ACTION ITEM = The line with "Vojenský služební kříž", the line with "本报讯 (记者江珊)生物芯片", and all lines between them in the material below: return these exactly, and no others.

DATA SUPPLIED =
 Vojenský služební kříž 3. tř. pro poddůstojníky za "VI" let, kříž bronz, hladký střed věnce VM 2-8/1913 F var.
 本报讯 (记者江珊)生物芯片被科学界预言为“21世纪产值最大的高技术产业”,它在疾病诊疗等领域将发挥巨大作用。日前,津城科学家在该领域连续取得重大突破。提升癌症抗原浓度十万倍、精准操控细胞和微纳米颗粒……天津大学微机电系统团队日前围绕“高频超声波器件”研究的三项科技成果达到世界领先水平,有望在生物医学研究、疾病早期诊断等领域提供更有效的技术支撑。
==
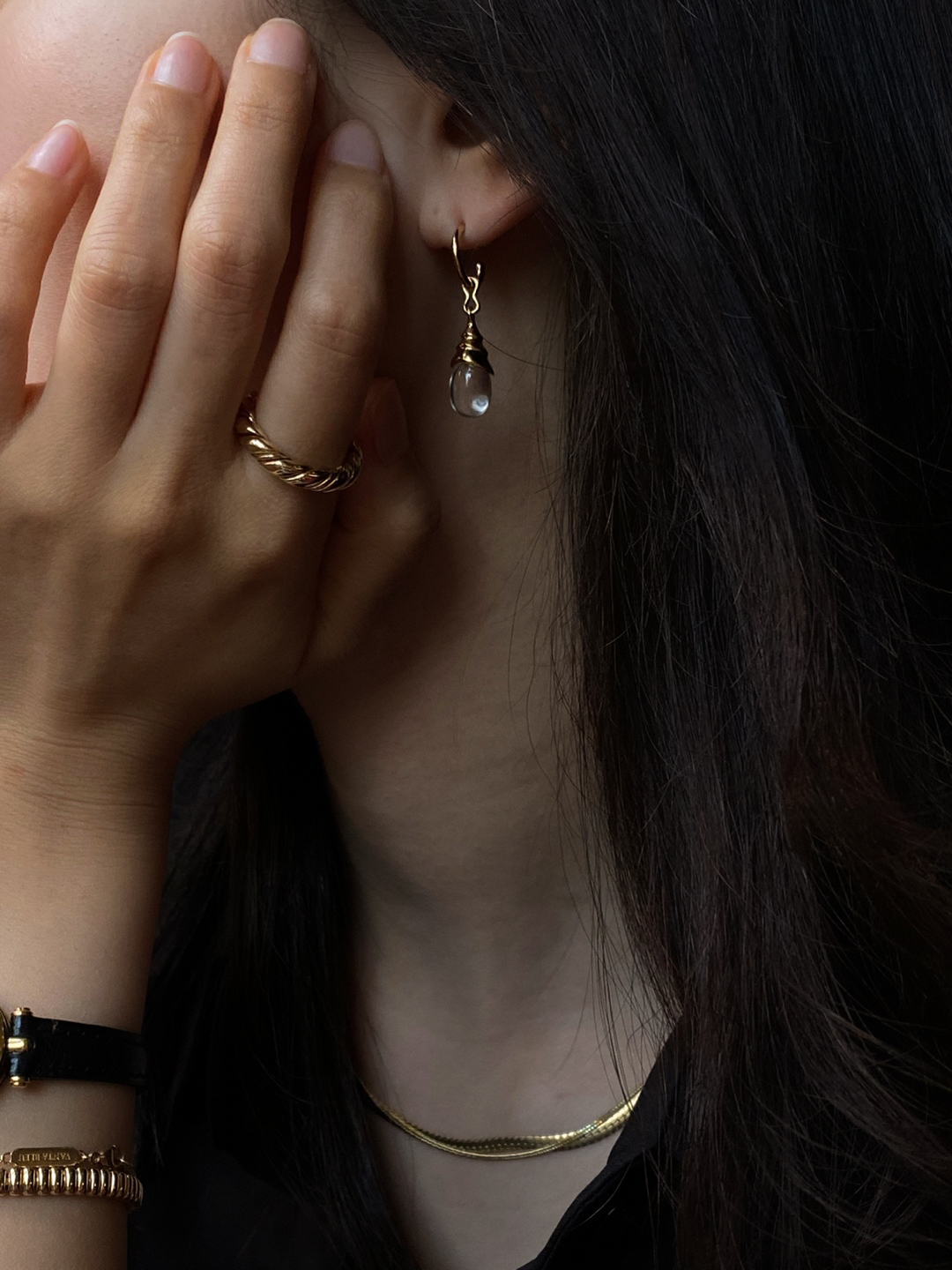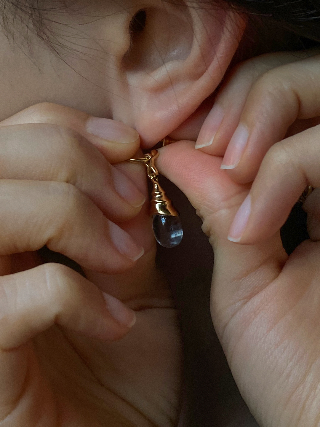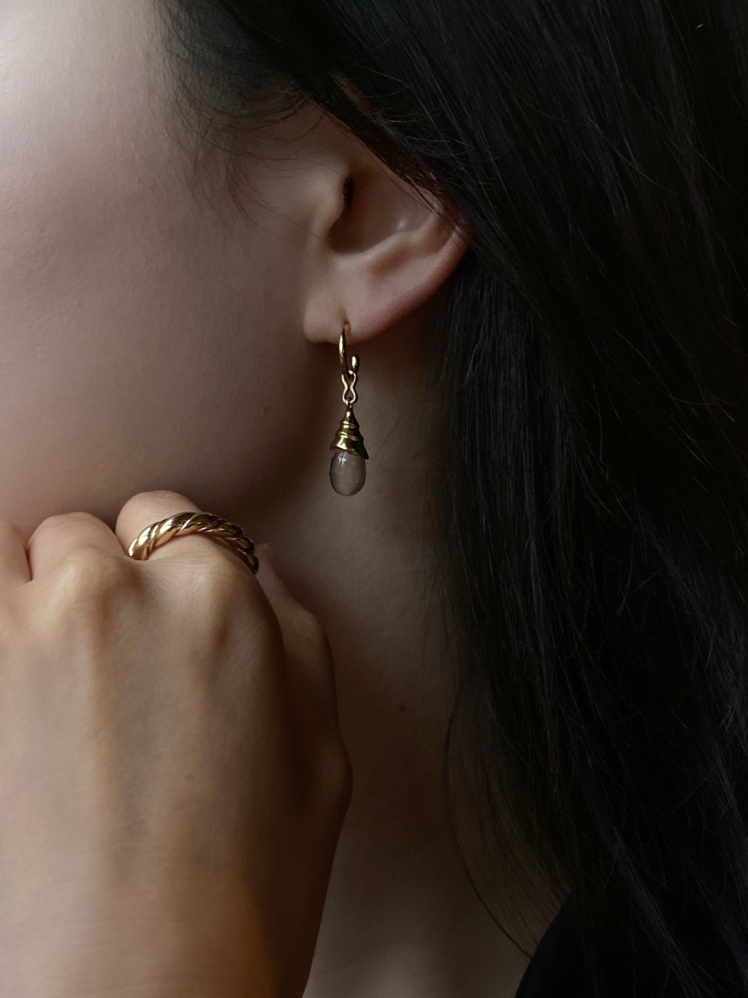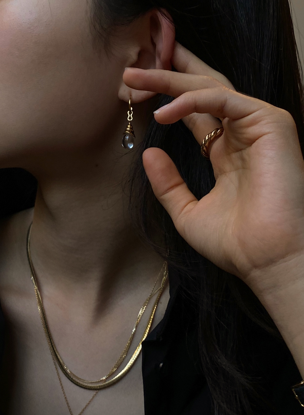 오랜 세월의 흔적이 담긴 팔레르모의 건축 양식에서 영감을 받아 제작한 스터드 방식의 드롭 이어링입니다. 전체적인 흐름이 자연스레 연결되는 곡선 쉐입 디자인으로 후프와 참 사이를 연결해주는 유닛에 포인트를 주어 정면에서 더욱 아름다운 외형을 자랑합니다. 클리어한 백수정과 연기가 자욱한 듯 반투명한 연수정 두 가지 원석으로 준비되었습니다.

ANSWER AREA =
 Vojenský služební kříž 3. tř. pro poddůstojníky za "VI" let, kříž bronz, hladký střed věnce VM 2-8/1913 F var.
 本报讯 (记者江珊)生物芯片被科学界预言为“21世纪产值最大的高技术产业”,它在疾病诊疗等领域将发挥巨大作用。日前,津城科学家在该领域连续取得重大突破。提升癌症抗原浓度十万倍、精准操控细胞和微纳米颗粒……天津大学微机电系统团队日前围绕“高频超声波器件”研究的三项科技成果达到世界领先水平,有望在生物医学研究、疾病早期诊断等领域提供更有效的技术支撑。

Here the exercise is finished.